Making a sample dictionary, roughly 11k Dutch words:
library(rvest)
library(stringi)
l <- list(
c("Natuurlijk we kunnen niet anders"),
c("wil jij honderden kinderen de"),
c("van alle geestelijke leiders is")
)
dutch <- read_html("https://cooljugator.com/nl/list/all") %>%
html_elements("a") %>%
html_attr("href") %>%
stri_extract_all_words(simplify = TRUE) %>%
.[,2] %>%
stri_remove_empty() %>%
.[7:length(.)]
lapply speed diminishes if the list grows, use vapply
or a loop that writes to a correctly initialized vector instead. Further, Base R %in%
can be optimized, as is done in the fastmatch
package.
library(fastmatch)
f <- function(data, dictionary) {
vapply(data, \(x){
sum(fmatch(
strsplit(x, " ", fixed = TRUE)[[1]],
dictionary, nomatch = 0L) > 0L
)
}, 1L)
}
f(l, dutch)
#> [1] 1 2 0
After an optimization, a customary benchmark:
library(data.table)
tw_copy = data.table(
author=c("a","b","c"),
text = c("Natuurlijk we kunnen niet anders",
"wil jij honderden kinderen de",
"van alle geestelijke leiders is")
)
bench::mark(
x = f(l, dutch),
y = {
tw_copy[, token:=list(strsplit(text," "))]

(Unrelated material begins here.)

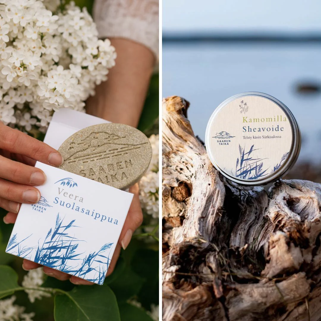 Psori-iholle sopiva settimme sisältää myös kutinaa nopeasti rauhoittavan Kamomilla Sheavoiteen, joka auttaa suojaamaan kuivaa tai ärtynyttä ihoa. Kamomilla Sheavoide on syntynyt Saaren Taika tuotekehittäjän oman atooppisen ekseema-ihottuman hoitoon.

tw_copy[, num_dutch_words:=sum(token[[1]] %in% dutch), by=1:nrow(tw_copy)]
}, check = F
)[c(1,3,5,7,9)]
expression median mem_alloc n_itr total_time
<bch:expr> <dbl> <bch:byt> <int> <dbl>
1 x 0.0141 0B 9999 168.
2 y 3.65 706KB 127 459.
Note that the output is not the same, so the benchmark is just an indication, actual result will depend on your input and desired output. Other optimizations could be done to the data structure, for example removing stopwords prior to looping through dictionary that contains verbs.
For optimization it is useful to go through a checklist.
- Is there a vectorized approach?
- Is my data structure suitable for the task?
- Is my loop properly initializing vectors?
If the speed is still slow, other approaches can be considered.